----- SUPPLIED MATERIAL
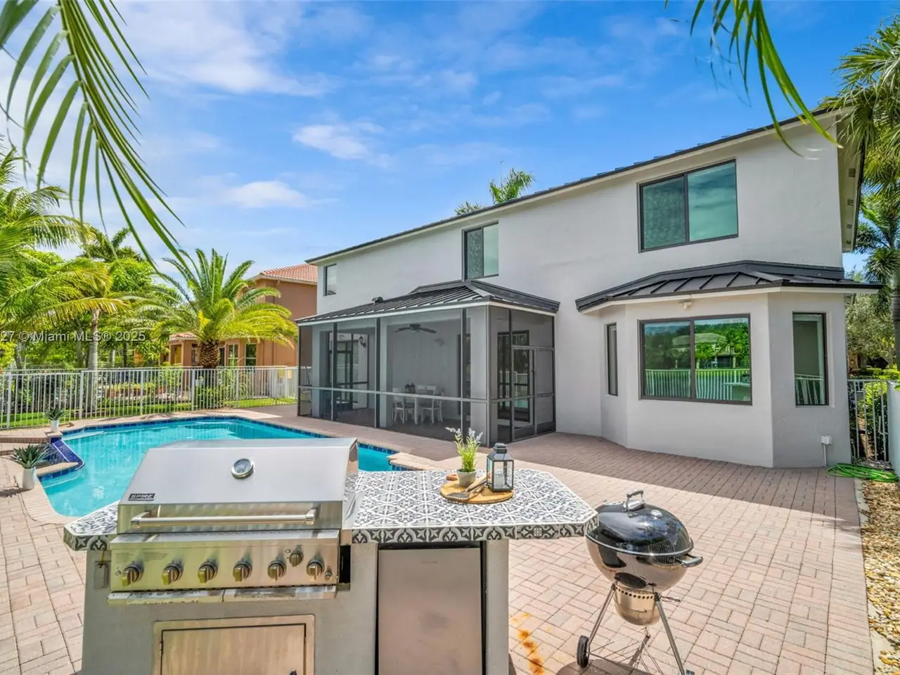 This showstopping, one-of-a-kind home is filled with upscale upgrades and eye-catching style! With 5 spacious bedrooms, a private office, and a flexible loft. all offering stunning lake views Brand-new 2024 metal roof and lush landscaping. Inside, soaring ceilings, a statement staircase, and sleek modern flooring create a grand welcome. The gourmet kitchen wows with a wine display, premium appliances, double ovens, and an oversized island. The primary suite offers a relaxing sitting area and spa-like bath with soaking tub. Enjoy the Florida lifestyle outdoors with a screened patio, summer kitchen, sparkling pool, & cabana bath. Located in the prestigious gated Isles at Weston, with a renovated clubhouse, resort-style amenities, and top-rated schools.
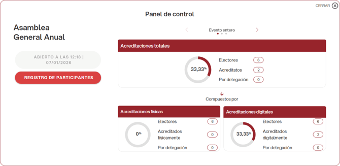 La participación puede monitorizarse tanto sobre el total de electores con derecho a voto como sobre los acreditados, haciendo clic en las flechas situadas junto al contador.
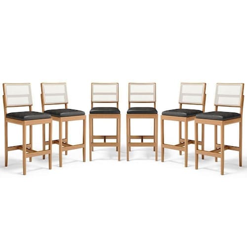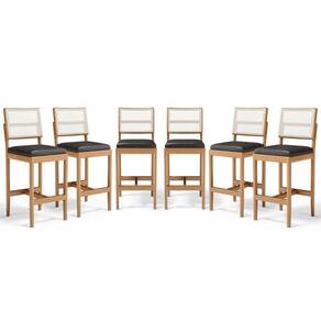 - 6 Banquetas Modelo Milena Em Madeira Com Assentos Estofados (Montadas)
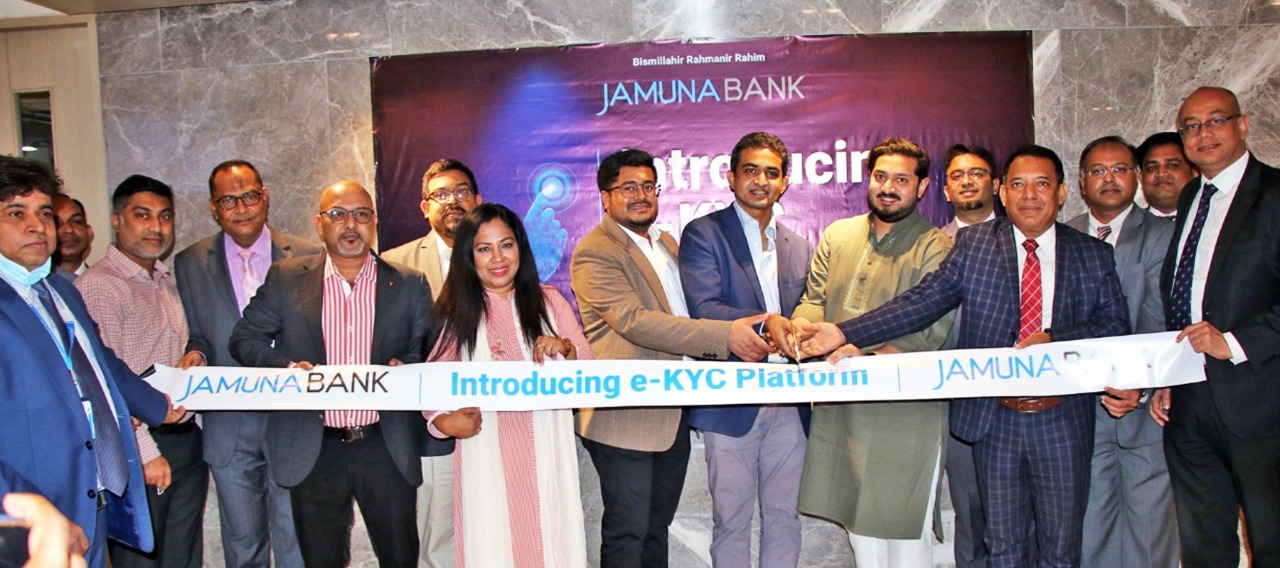 যমুনা ব্যাংক লিমিটেড কর্তৃক Electronic KYC (e-KYC) বাস্তবায়ন উপলক্ষে সম্প্রতি এর শুভ উদ্বোধন অনুষ্ঠানের আয়োজন করা হয়। উক্ত e-KYC Platform এর আনুষ্ঠানিক শুভ উদ্বোধন ঘোষণা করেন যমুনা ব্যাংক লিমিটেড এর সম্মানিত চেয়ারম্যান ও বোর্ড অব ডাইরেক্টরস্ এর সম্মানিত পরিচালক গাজী গোলাম আশরিয়া। এছাড়াও আলোচ্য অনুষ্ঠানে উপস্থিত ছিলেন যমুনা ব্যাংক লিমিটেড এর বোর্ড অব ডাইরেক্টরস্ এর সম্মানিত পরিচালক রেদোয়ান উল করিম আনসারী, যমুনা ব্যাংক লিমিটেড এর মাননীয় ব্যবস্থাপনা পরিচালক মির্জা ইলিয়াছ উদ্দিন আহমেদ, যমুনা ব্যাংক লিমিটেড এর উপব্যবস্থাপনা পরিচালক ও কেমেলকো এ.কে.এম. আতিকুর রহমান, উপব্যবস্থাপনা পরিচালক মোহাম্মদ ফজলুর রহমান চৌধুরী সহ ব্যাংকের প্রধান কার্যালয়ের ঊর্ধ্বতন কর্মকর্তা ও কর্মচারীবৃন্দ। e-KYC Platform এর আনুষ্ঠানিক ঘোষণার মাধ্যমে যমুনা ব্যাংক লিমিটেড হিসাব খোলার ক্ষেত্রে ডিজিটাল যুগে প্রবেশ করলো। শুধুমাত্র NID রয়েছে এরূপ গ্রাহকগণ e-KYC Platform ব্যবহার করে যেকোনো স্থান থেকে যমুনা ব্যাংকের যেকোনো শাখায় অতি সহজেই হিসাব খুলতে পারবেন।
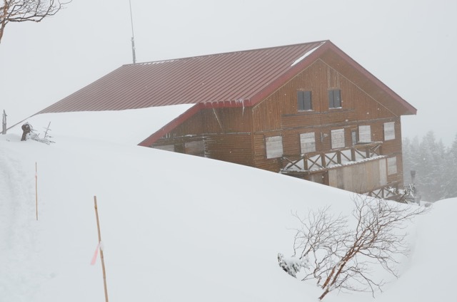 まずは受付を済ませます。明日の気象条件を聞きますが天気は良いとのことです。例のごとく軽食を摂り少し休憩します。受付の際は一度稜線に行って戻ってきてから部屋を案内してもらうことにしましたが、休憩しているうちに腰が重くなってしまい、しかも風が出て雪が降ってきたので、今日は稜線に行かず小屋でゆっくりすることにします。
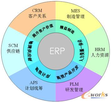 整個企業應用架構是以ERP系統為核心,并按照業務領域打造6大外圍系統,分別是,SCM、APS、PLM、HRM、MES和CRM。
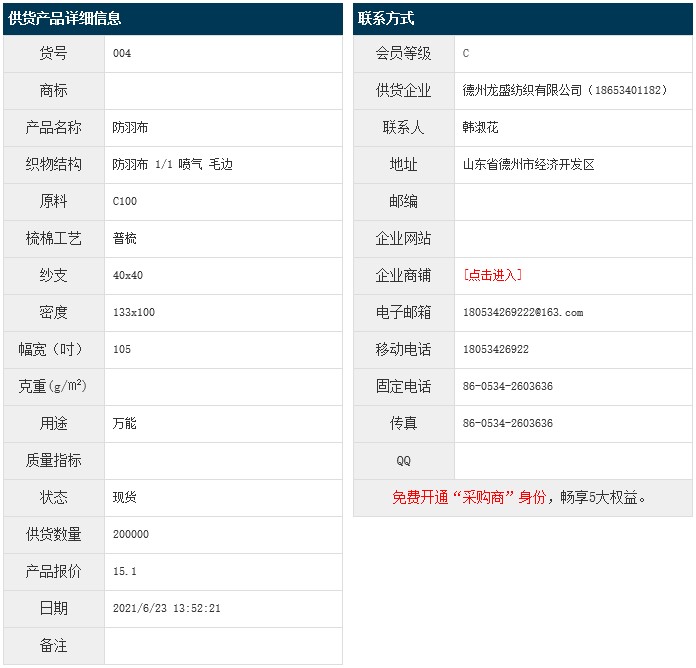 6月23日,德州龍盛紡織有限公司純棉防羽布C100 40x40 133x100 105" 1/1 噴氣 毛邊,報價為15.1元/米,實際成交價以協(xié)商為準。[點擊查看詳情]
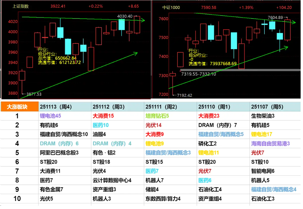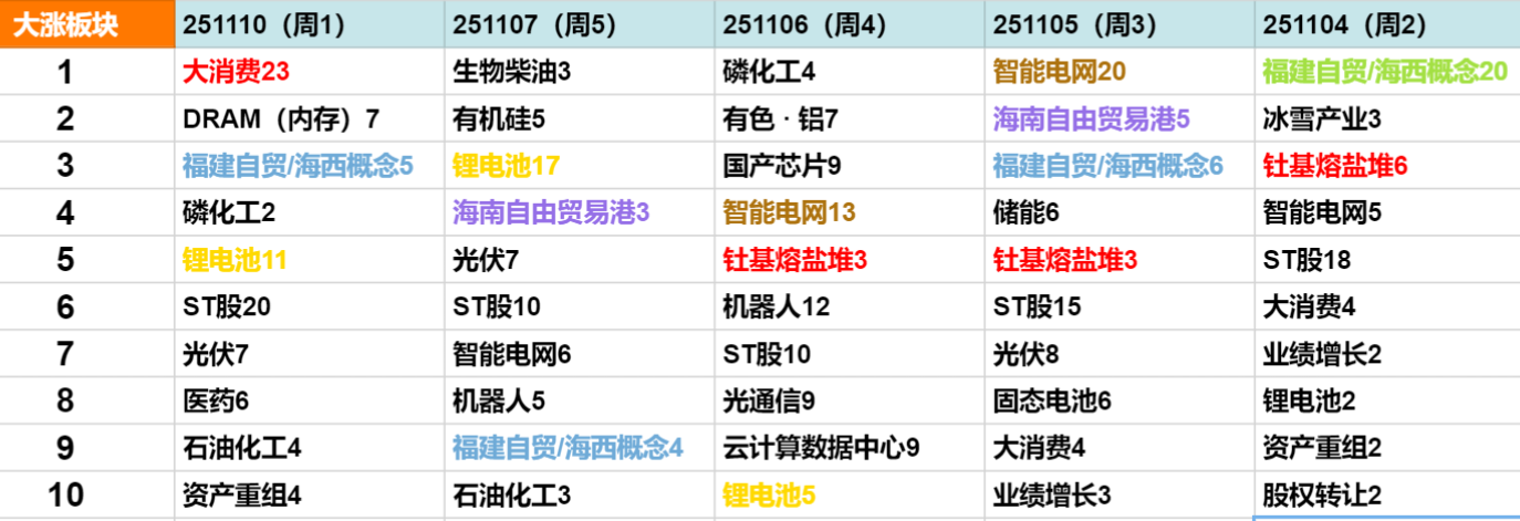 市场整体表现 - 市场呈现价升量增的普涨行情,两市成交额重回2万亿上方 [1] - 沪指上涨0.73%并再度刷新10年高点,深成指上涨1.78%,创业板指大幅上涨2.55% [1] - 个股表现强劲,近4000只股票上涨,近120只股票涨幅超过10%,微盘股指数反包续创历史新高 [1] 板块轮动表现 - 锂电池板块表现突出,在周四大涨板块中排名第一,出现45家涨停,周二和周五也分别有9家和17家涨停 [3] - 大消费板块持续活跃,周一有23家涨停,周四有11家涨停,周二有9家涨停 [3] - 光伏板块多次出现在每日大涨榜中,周二有14家涨停,周四和周五均有5家和7家涨停 [3] - 福建自贸/海西概念板块本周表现活跃,周四有10家涨停,周二和周五分别有3家和4家涨停 [3] - ST股板块每日均上榜,周四有20家涨停,周三有18家涨停,周一有20家涨停 [3]
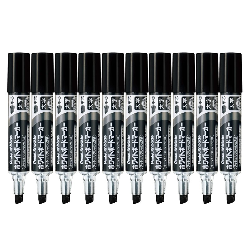 ぺんてる ホワイトボードマーカー ノックル EMWL6W-A 平芯太字 黒 【10本セット】
----------
EXERCISE => Please print all the data above word for word. Pictures should not appear in the copy.

SOLUTION TO THE EXERCISE =>
 This showstopping, one-of-a-kind home is filled with upscale upgrades and eye-catching style! With 5 spacious bedrooms, a private office, and a flexible loft. all offering stunning lake views Brand-new 2024 metal roof and lush landscaping. Inside, soaring ceilings, a statement staircase, and sleek modern flooring create a grand welcome. The gourmet kitchen wows with a wine display, premium appliances, double ovens, and an oversized island. The primary suite offers a relaxing sitting area and spa-like bath with soaking tub. Enjoy the Florida lifestyle outdoors with a screened patio, summer kitchen, sparkling pool, & cabana bath. Located in the prestigious gated Isles at Weston, with a renovated clubhouse, resort-style amenities, and top-rated schools.
 La participación puede monitorizarse tanto sobre el total de electores con derecho a voto como sobre los acreditados, haciendo clic en las flechas situadas junto al contador.
 - 6 Banquetas Modelo Milena Em Madeira Com Assentos Estofados (Montadas)
 যমুনা ব্যাংক লিমিটেড কর্তৃক Electronic KYC (e-KYC) বাস্তবায়ন উপলক্ষে সম্প্রতি এর শুভ উদ্বোধন অনুষ্ঠানের আয়োজন করা হয়। উক্ত e-KYC Platform এর আনুষ্ঠানিক শুভ উদ্বোধন ঘোষণা করেন যমুনা ব্যাংক লিমিটেড এর সম্মানিত চেয়ারম্যান ও বোর্ড অব ডাইরেক্টরস্ এর সম্মানিত পরিচালক গাজী গোলাম আশরিয়া। এছাড়াও আলোচ্য অনুষ্ঠানে উপস্থিত ছিলেন যমুনা ব্যাংক লিমিটেড এর বোর্ড অব ডাইরেক্টরস্ এর সম্মানিত পরিচালক রেদোয়ান উল করিম আনসারী, যমুনা ব্যাংক লিমিটেড এর মাননীয় ব্যবস্থাপনা পরিচালক মির্জা ইলিয়াছ উদ্দিন আহমেদ, যমুনা ব্যাংক লিমিটেড এর উপব্যবস্থাপনা পরিচালক ও কেমেলকো এ.কে.এম. আতিকুর রহমান, উপব্যবস্থাপনা পরিচালক মোহাম্মদ ফজলুর রহমান চৌধুরী সহ ব্যাংকের প্রধান কার্যালয়ের ঊর্ধ্বতন কর্মকর্তা ও কর্মচারীবৃন্দ। e-KYC Platform এর আনুষ্ঠানিক ঘোষণার মাধ্যমে যমুনা ব্যাংক লিমিটেড হিসাব খোলার ক্ষেত্রে ডিজিটাল যুগে প্রবেশ করলো। শুধুমাত্র NID রয়েছে এরূপ গ্রাহকগণ e-KYC Platform ব্যবহার করে যেকোনো স্থান থেকে যমুনা ব্যাংকের যেকোনো শাখায় অতি সহজেই হিসাব খুলতে পারবেন।
 まずは受付を済ませます。明日の気象条件を聞きますが天気は良いとのことです。例のごとく軽食を摂り少し休憩します。受付の際は一度稜線に行って戻ってきてから部屋を案内してもらうことにしましたが、休憩しているうちに腰が重くなってしまい、しかも風が出て雪が降ってきたので、今日は稜線に行かず小屋でゆっくりすることにします。
 整個企業應用架構是以ERP系統為核心,并按照業務領域打造6大外圍系統,分別是,SCM、APS、PLM、HRM、MES和CRM。
 6月23日,德州龍盛紡織有限公司純棉防羽布C100 40x40 133x100 105" 1/1 噴氣 毛邊,報價為15.1元/米,實際成交價以協(xié)商為準。[點擊查看詳情]
 市场整体表现 - 市场呈现价升量增的普涨行情,两市成交额重回2万亿上方 [1] - 沪指上涨0.73%并再度刷新10年高点,深成指上涨1.78%,创业板指大幅上涨2.55% [1] - 个股表现强劲,近4000只股票上涨,近120只股票涨幅超过10%,微盘股指数反包续创历史新高 [1] 板块轮动表现 - 锂电池板块表现突出,在周四大涨板块中排名第一,出现45家涨停,周二和周五也分别有9家和17家涨停 [3] - 大消费板块持续活跃,周一有23家涨停,周四有11家涨停,周二有9家涨停 [3] - 光伏板块多次出现在每日大涨榜中,周二有14家涨停,周四和周五均有5家和7家涨停 [3] - 福建自贸/海西概念板块本周表现活跃,周四有10家涨停,周二和周五分别有3家和4家涨停 [3] - ST股板块每日均上榜,周四有20家涨停,周三有18家涨停,周一有20家涨停 [3]
 ぺんてる ホワイトボードマーカー ノックル EMWL6W-A 平芯太字 黒 【10本セット】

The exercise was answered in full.